Which homes are consuming above-average amounts of water during a drought?

Which judges convict an unusual number of defendants?

Should a patient's blood tests be considered normal, or are there outliers that require further checks and examinations?

In all of those cases, you could set thresholds for minimum and maximum values and then tell the computer to use those thresholds in determining what's suspicious. But machine learning changes that around, letting the computer figure out what is considered “normal” and then identify the anomalies, which humans then can investigate. This allows people to concentrate their energies on understanding whether the outliers are indeed problematic, rather than on identifying them in the first place.

So in this article, I look at a number of ways you can try to identify outliers using the tools and libraries that Python provides for working with data: NumPy, Pandas and scikit-learn. Just which technique and tools will be appropriate for your data depend on what you're doing, but the basic theory and practice presented here should at least provide you with some food for thought.

Humans are excellent at finding patterns, and they're also quite good at finding things that don't fit a pattern. But, what sort of algorithm can look at a group of data sets and figure out which is unlike the others?

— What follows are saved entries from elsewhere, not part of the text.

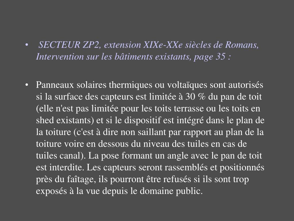 SECTEUR ZP2, extension XIXe-XXe siècles de Romans, Intervention sur les bâtiments existants, page 35 : • Panneaux solaires thermiques ou voltaïques sont autorisés si la surface des capteurs est limitée à 30 % du pan de toit (elle n'est pas limitée pour les toits terrasse ou les toits en shed existants) et si le dispositif est intégré dans le plan de la toiture (c'est à dire non saillant par rapport au plan de la toiture voire en dessous du niveau des tuiles en cas de tuiles canal). La pose formant un angle avec le pan de toit est interdite. Les capteurs seront rassemblés et positionnés près du faîtage, ils pourront être refusés si ils sont trop exposés à la vue depuis le domaine public.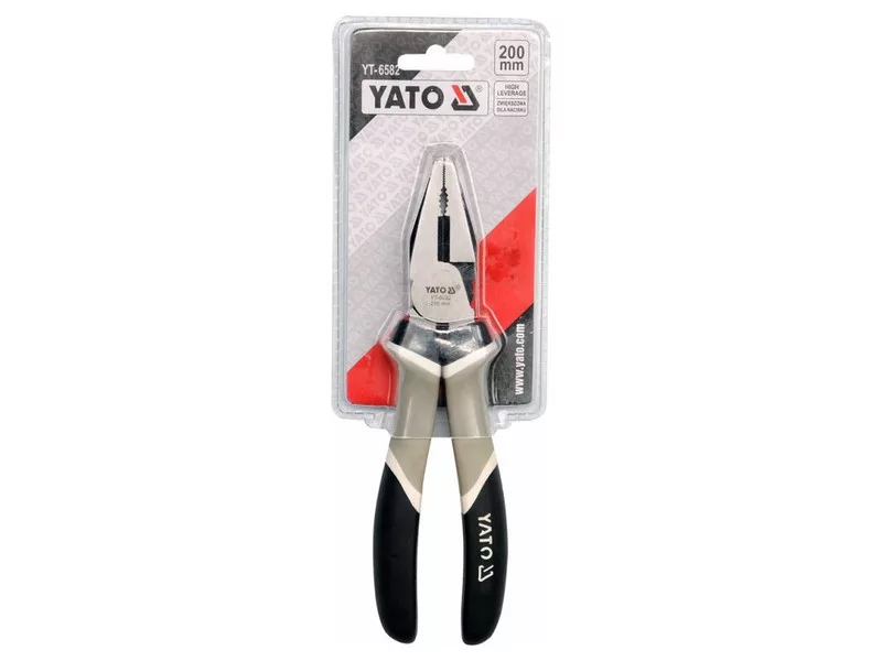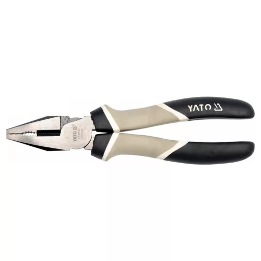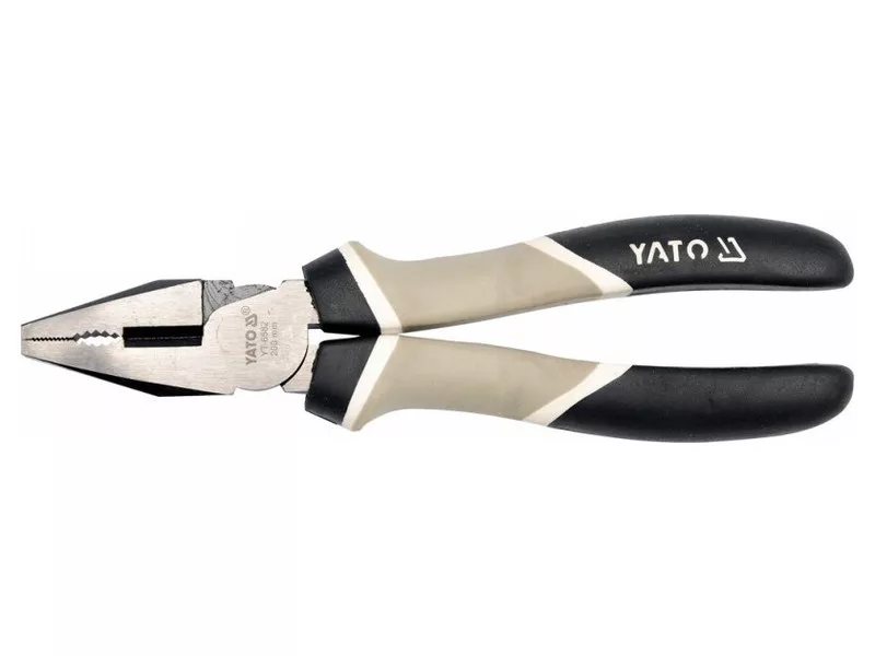 Universal pliers made of carbon steel with a symbol 55# in high leverage technology. This solution involves moving the mandrel connecting towards the top of the pliers. This clearly strengthens the pressure of the jaws to the held material. Handles covered with insulating covers. Universal pliers made of carbon steel with a symbol 55# in high leverage technology. This solution involves moving the mandrel connecting towards the top of the pliers. This clearly strengthens the pressure of the jaws to the held material. Handles covered with insulating covers.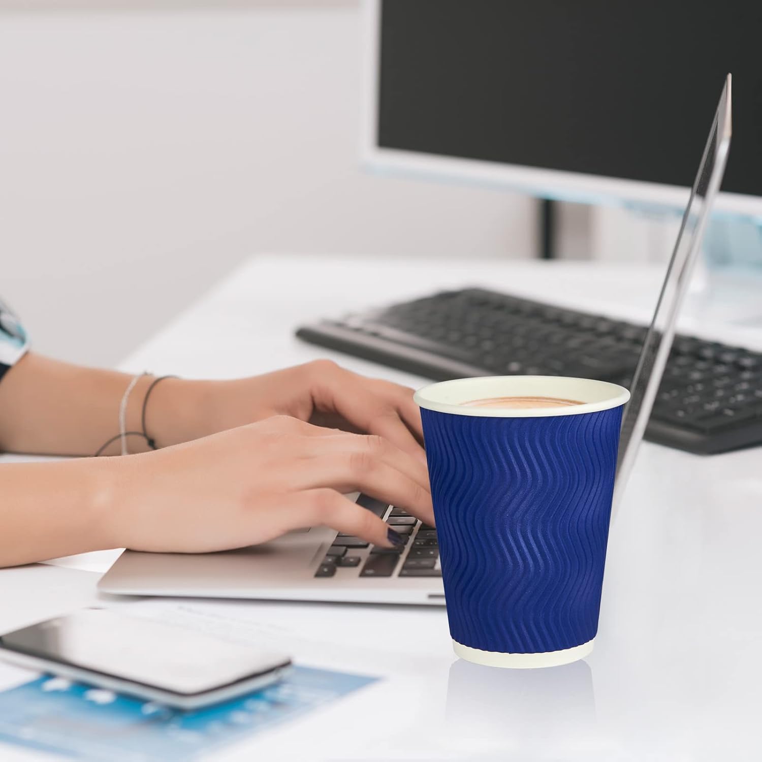 - Unique Modern Design: Disposable coffee cups 12 oz elegant and minimalistic S shape pattern elevate the look of your home brewed coffee to go! These ensure us a secure nonslip grip and a better feel in the hand

One simple way to do this is to set a cutoff, often done at one or two standard deviations. For those of you without a background in statistics (or who have forgotten what a “standard deviation” is), it's a measurement of how spread out the data is. For example:

>>> a = np.array([10,10,10,10,10,10,10]) >>> print("std = {}, mean = {}".format(a.std(), a.mean())) std = 0.0, mean = 10.0

In the above example, I have a NumPy array containing seven instances of the number ten. People often think of the mean as describing the data, and it does, but it's only when combined with the standard deviation that you can know how much the numbers differ from one another. In this case, they're all identical, so the standard deviation is 0.

In this example, the mean remains the same, but the standard deviation is quite different:

>>> a = np.array([5,15,0,20,-5,25,10]) >>> print("std = {}, mean = {}".format(a.std(), a.mean())) std = 10.0, mean = 10.0

Here, the mean has not changed, but the standard deviation has. You can see, from just those two numbers, that although the numbers remain centered around 10, they also are spread out quite a bit.

One simple way to detect unusual data is to look for all of the values that lie outside of two standard deviations from the mean, which accounts for about 95% of the data. (You can go further out if you want; 99.73% of data points are within three standard deviations, and 99.994% are within four.) If you're looking for outliers in an existing data set, you can do something like this:

>>> a = np.array([-5,15,0,20,-5,25,1000]) >>> print(a.std()) 347.19282415231044 >>> min_cutoff = a.mean() - a.std()*2 >>> max_cutoff = a.mean() + a.std()*2 >>> print(a[(a<min_cutoff) | (a>max_cutoff)]) array([1000])

Sure enough, that found an outlier in the data.

It's even easier if you have a bunch of new data and want to determine whether those values would fit inside or outside your existing data set:

>>> new_data = np.array([-5000, -3000, -1000, -500, 20, 60, 500, 800, >>> 900]) >>> print(new_data[(new_data<min_cutoff) | (new_data>max_cutoff)]) array([-5000, -3000, -1000, 900])

The good news is that this is simple—simple to understand, simple to implement and simple to automate.

However, it's also too simple for most data. You're unlikely to be looking at a single-dimensional vector. The baseline (mean) is likely to shift over time. And besides, there must be other, better ways to measure whether something is “inside” or “outside”, right?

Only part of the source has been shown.